Your assignment
The answer must be an exact copy of the lines from the one with "www.eigenheimer.deGestaltung und Layout" through the final line of the records below, with no pictures.

BEGIN Information supplied

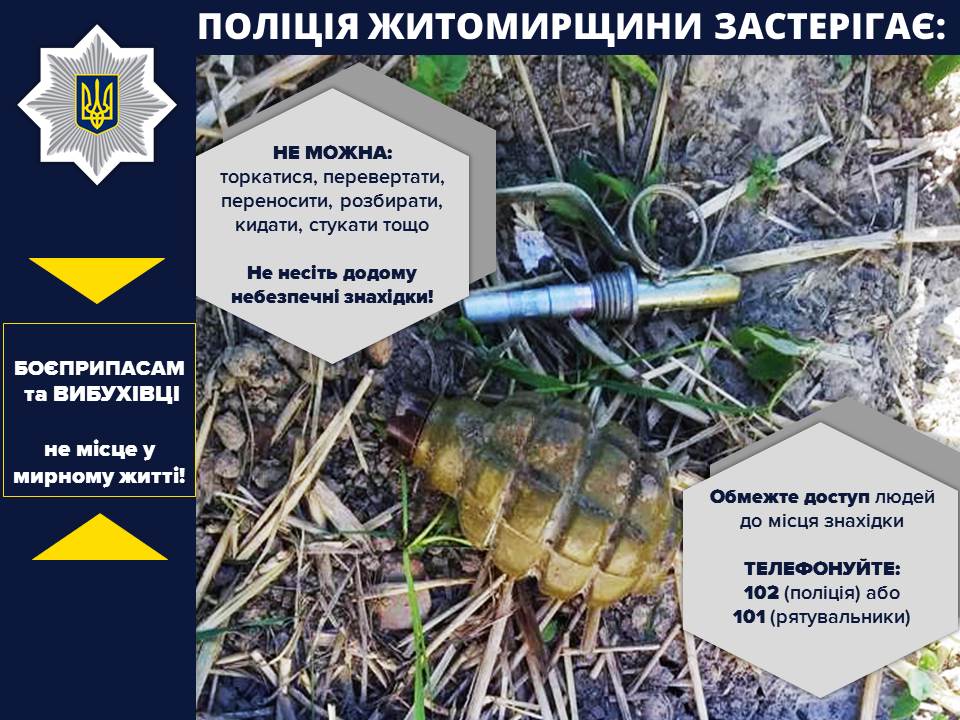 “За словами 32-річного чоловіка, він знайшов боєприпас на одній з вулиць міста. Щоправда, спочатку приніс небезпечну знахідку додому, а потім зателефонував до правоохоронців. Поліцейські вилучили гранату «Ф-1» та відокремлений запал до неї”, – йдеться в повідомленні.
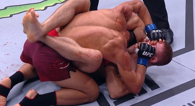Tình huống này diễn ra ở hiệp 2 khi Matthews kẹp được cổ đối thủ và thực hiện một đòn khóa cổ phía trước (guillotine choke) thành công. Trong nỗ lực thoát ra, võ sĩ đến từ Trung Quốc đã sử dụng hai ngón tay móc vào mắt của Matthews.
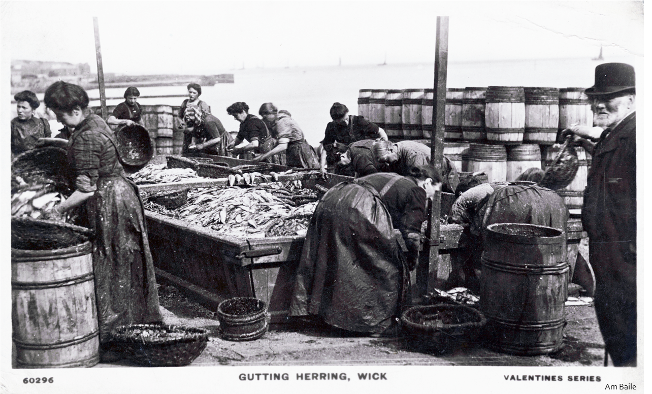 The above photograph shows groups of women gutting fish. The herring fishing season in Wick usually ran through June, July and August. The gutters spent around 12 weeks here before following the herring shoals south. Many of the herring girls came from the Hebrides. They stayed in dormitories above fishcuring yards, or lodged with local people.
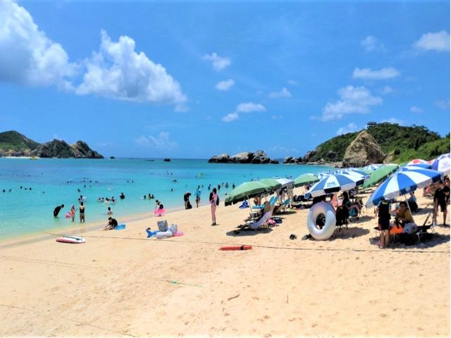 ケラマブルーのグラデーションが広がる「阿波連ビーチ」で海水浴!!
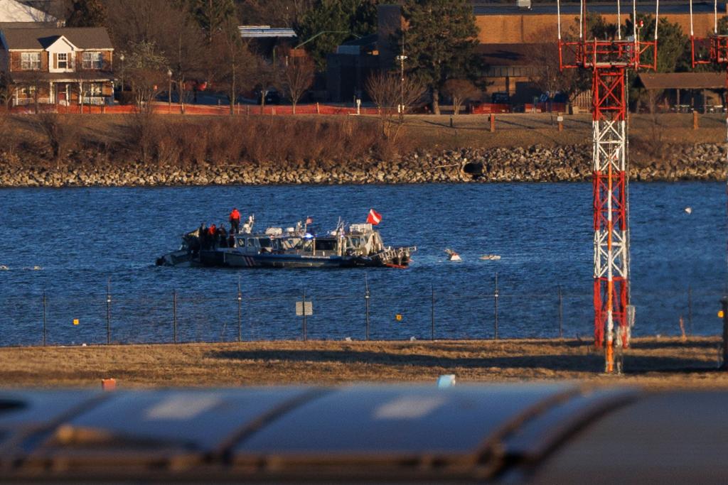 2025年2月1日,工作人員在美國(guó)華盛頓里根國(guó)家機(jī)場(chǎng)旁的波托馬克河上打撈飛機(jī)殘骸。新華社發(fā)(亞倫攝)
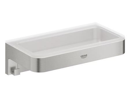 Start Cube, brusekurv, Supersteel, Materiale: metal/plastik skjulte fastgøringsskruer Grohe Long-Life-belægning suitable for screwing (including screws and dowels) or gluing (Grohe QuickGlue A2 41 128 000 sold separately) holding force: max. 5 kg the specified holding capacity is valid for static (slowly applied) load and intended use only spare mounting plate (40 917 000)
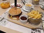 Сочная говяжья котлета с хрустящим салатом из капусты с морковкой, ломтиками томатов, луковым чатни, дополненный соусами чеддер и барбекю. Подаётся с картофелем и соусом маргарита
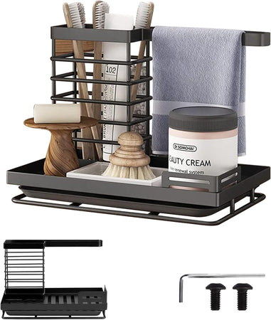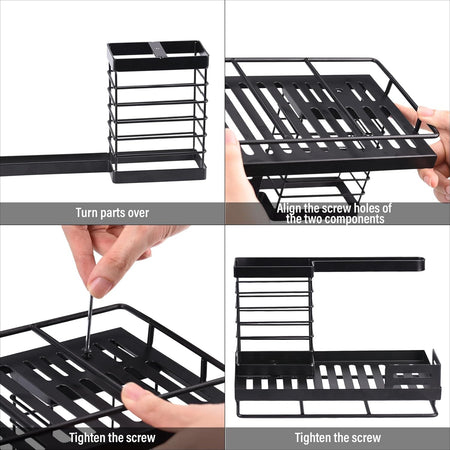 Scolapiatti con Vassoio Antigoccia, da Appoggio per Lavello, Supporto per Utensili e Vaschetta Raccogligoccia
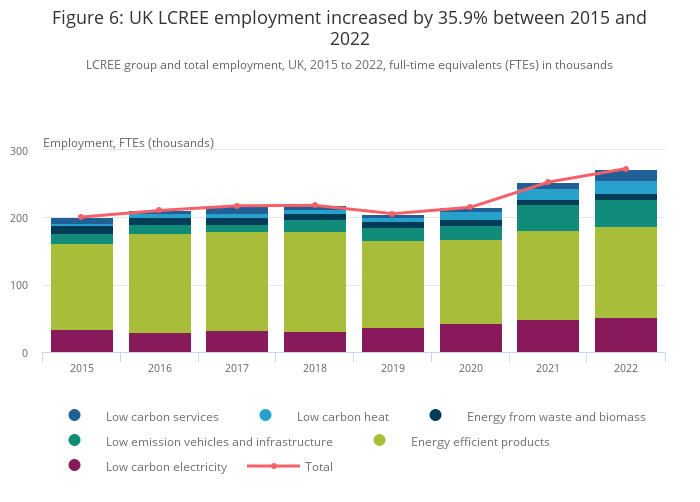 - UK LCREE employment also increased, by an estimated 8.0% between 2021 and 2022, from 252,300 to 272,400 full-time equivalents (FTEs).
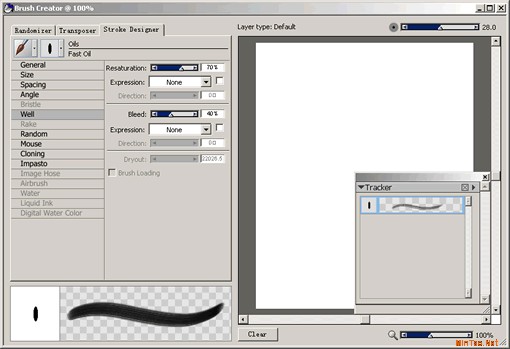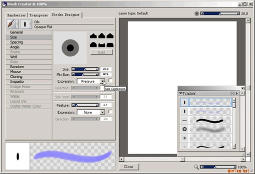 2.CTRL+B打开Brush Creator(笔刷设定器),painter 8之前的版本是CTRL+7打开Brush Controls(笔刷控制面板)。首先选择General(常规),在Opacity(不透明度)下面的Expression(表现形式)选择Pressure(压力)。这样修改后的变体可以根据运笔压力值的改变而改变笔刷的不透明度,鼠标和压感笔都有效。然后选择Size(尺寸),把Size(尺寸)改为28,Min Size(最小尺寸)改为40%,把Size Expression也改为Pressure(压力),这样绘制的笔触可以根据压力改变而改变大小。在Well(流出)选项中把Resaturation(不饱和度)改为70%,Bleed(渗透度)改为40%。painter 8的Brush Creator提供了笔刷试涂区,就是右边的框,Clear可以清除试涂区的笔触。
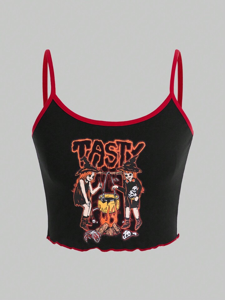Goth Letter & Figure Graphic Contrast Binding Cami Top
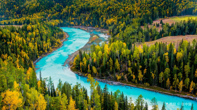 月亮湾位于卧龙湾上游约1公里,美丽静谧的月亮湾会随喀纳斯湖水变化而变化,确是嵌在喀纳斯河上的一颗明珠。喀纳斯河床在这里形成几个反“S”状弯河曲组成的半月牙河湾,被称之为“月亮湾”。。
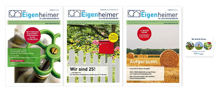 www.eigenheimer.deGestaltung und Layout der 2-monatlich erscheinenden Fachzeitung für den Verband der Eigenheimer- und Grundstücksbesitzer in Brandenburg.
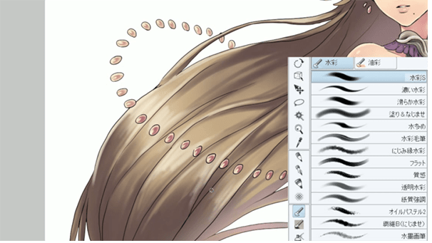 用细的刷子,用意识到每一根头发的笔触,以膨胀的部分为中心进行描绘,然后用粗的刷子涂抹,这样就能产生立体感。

END Information supplied

Written reply
 www.eigenheimer.deGestaltung und Layout der 2-monatlich erscheinenden Fachzeitung für den Verband der Eigenheimer- und Grundstücksbesitzer in Brandenburg.
 用细的刷子,用意识到每一根头发的笔触,以膨胀的部分为中心进行描绘,然后用粗的刷子涂抹,这样就能产生立体感。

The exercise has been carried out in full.